Extracted entries.

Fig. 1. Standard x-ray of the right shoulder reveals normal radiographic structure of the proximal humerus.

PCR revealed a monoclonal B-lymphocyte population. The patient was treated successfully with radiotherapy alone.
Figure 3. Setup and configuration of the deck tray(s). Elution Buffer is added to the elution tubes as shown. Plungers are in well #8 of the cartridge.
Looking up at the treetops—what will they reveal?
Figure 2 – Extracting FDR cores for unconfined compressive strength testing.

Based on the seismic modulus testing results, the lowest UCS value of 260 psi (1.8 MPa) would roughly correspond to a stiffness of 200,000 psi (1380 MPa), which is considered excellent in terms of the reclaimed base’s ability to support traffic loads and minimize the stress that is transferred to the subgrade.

--

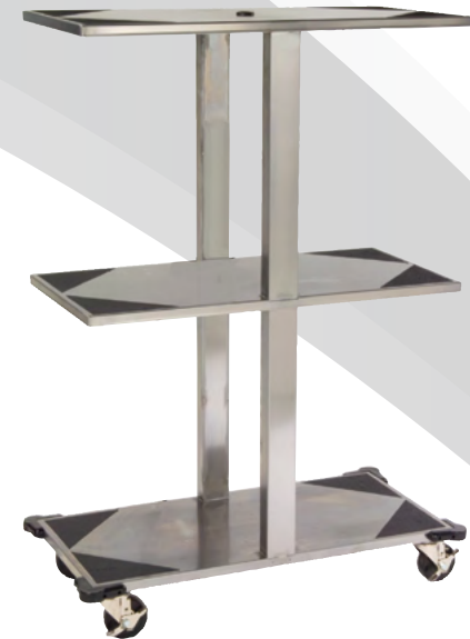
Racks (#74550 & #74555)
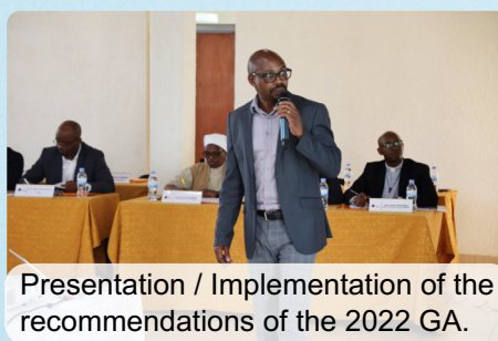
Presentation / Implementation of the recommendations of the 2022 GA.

Directions for this task. Leave the pictures out, and transcribe exactly the lines above starting at the one that contains "Racks (#74550 & #74555)" and ending at the one that contains "Presentation / Implementation".

Answer to this exercise.
Racks (#74550 & #74555)
Presentation / Implementation of the recommendations of the 2022 GA.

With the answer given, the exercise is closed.